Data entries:
※ ※ ※
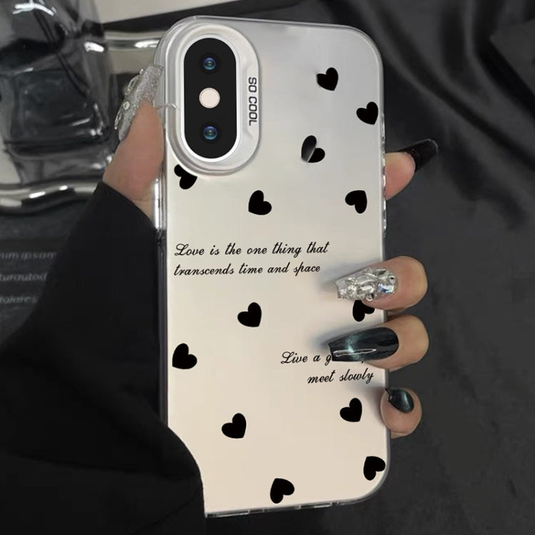 Funda híbrida para iPhone Xs Max TPU para PC con Pintura Plateada (Love Hearts Black)
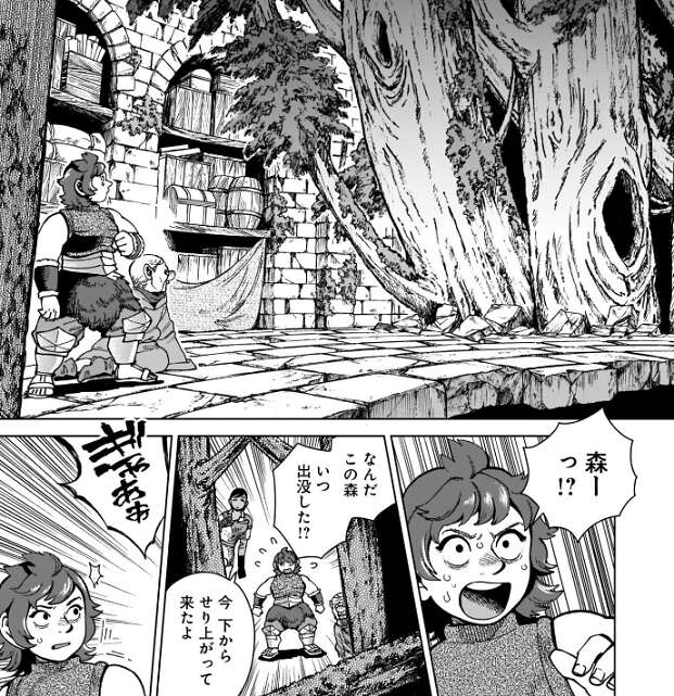 第1階層では、ナマリとタンスが迷宮内の変化について話していたところ、迷宮の地形が変わり、迷宮の階層が一つになり、第1階層にいた冒険者達が魔物達に混乱する様子が描かれています。
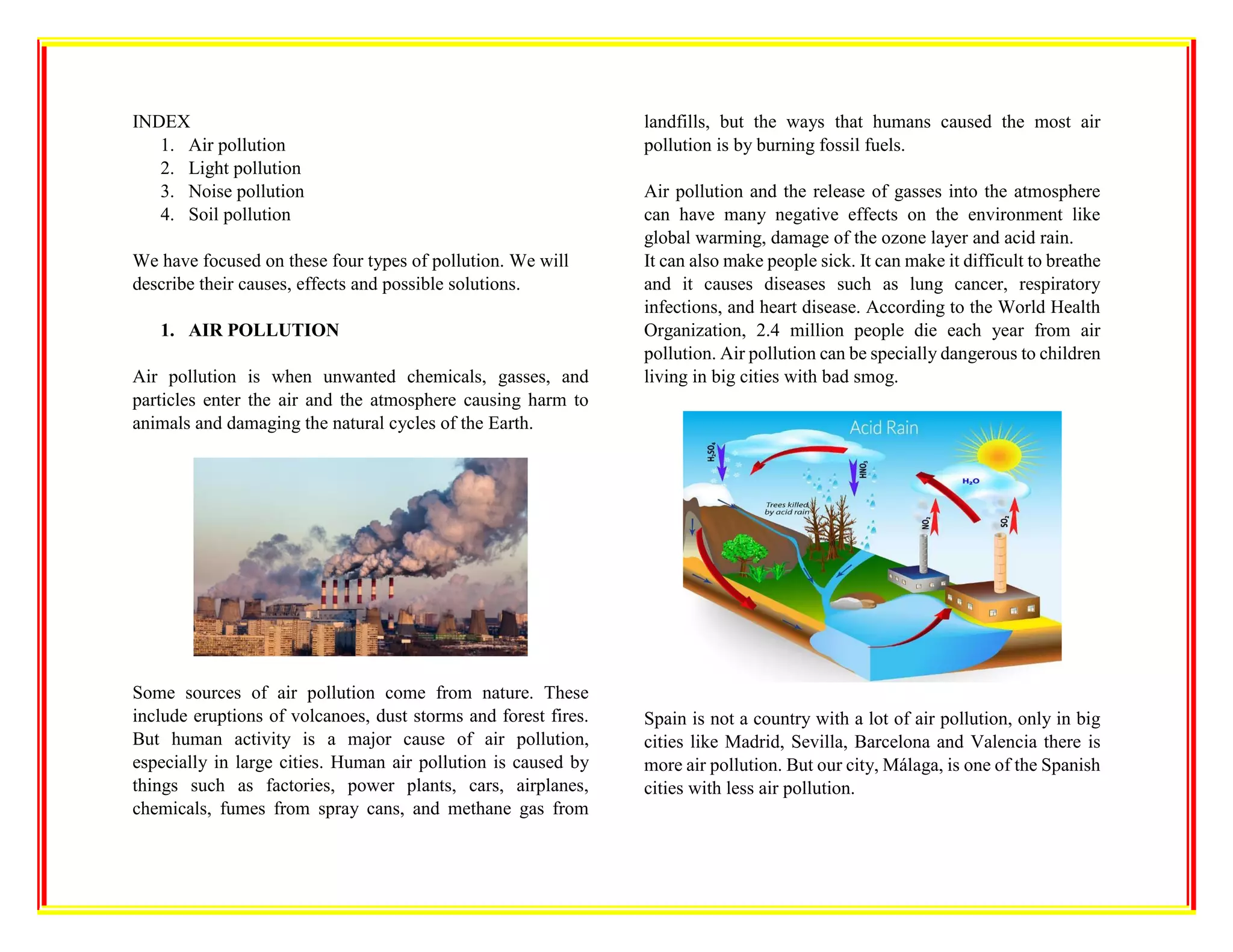This document discusses four main types of pollution: air, light, noise, and soil pollution. It provides details on the causes and effects of each type as well as possible solutions. For air pollution, it notes that human activities like burning fossil fuels are major causes and details health impacts. For light pollution, it explains how excess or poorly directed light can impact ecosystems and waste energy. Noise pollution effects like hearing loss and its prevalence in Spain are outlined. Finally, it describes how soil pollution occurs from improper waste disposal and chemicals and its health and environmental risks.
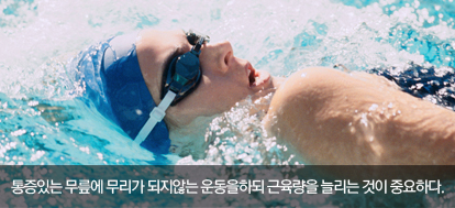 그러므로 운동을 할때는 체중이 무릎 등 관절에 실리지 않은 운동이 좋습니다, 예를 들면, 수영이나 자전거 타기이지요, 수영을 못 하는 경우에 수영장에서 걷는 것도 퇴행성 관절염에 좋은 운동입니다, 또한 누워서 다리를 펴서 올렸다 내렸다 하는 운동을 10~20회 정도씩 아침에 기상시외 자기 전에 해 보시기 바랍니다.
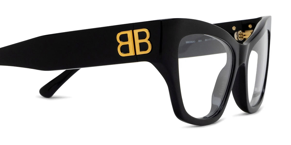 Black (001) Eyeglasses (BB0362O 001 54) by Balenciaga™. Size: 54-17-135, Shape: Butterfly, Material: Recycled Acetate.
※ ※ ※
#### WORK TO COMPLETE:
Please print all the entries exactly as written, but drop the pictures.

#### FINISHED EXERCISE:
 Funda híbrida para iPhone Xs Max TPU para PC con Pintura Plateada (Love Hearts Black)
 第1階層では、ナマリとタンスが迷宮内の変化について話していたところ、迷宮の地形が変わり、迷宮の階層が一つになり、第1階層にいた冒険者達が魔物達に混乱する様子が描かれています。
This document discusses four main types of pollution: air, light, noise, and soil pollution. It provides details on the causes and effects of each type as well as possible solutions. For air pollution, it notes that human activities like burning fossil fuels are major causes and details health impacts. For light pollution, it explains how excess or poorly directed light can impact ecosystems and waste energy. Noise pollution effects like hearing loss and its prevalence in Spain are outlined. Finally, it describes how soil pollution occurs from improper waste disposal and chemicals and its health and environmental risks.
 그러므로 운동을 할때는 체중이 무릎 등 관절에 실리지 않은 운동이 좋습니다, 예를 들면, 수영이나 자전거 타기이지요, 수영을 못 하는 경우에 수영장에서 걷는 것도 퇴행성 관절염에 좋은 운동입니다, 또한 누워서 다리를 펴서 올렸다 내렸다 하는 운동을 10~20회 정도씩 아침에 기상시외 자기 전에 해 보시기 바랍니다.
 Black (001) Eyeglasses (BB0362O 001 54) by Balenciaga™. Size: 54-17-135, Shape: Butterfly, Material: Recycled Acetate.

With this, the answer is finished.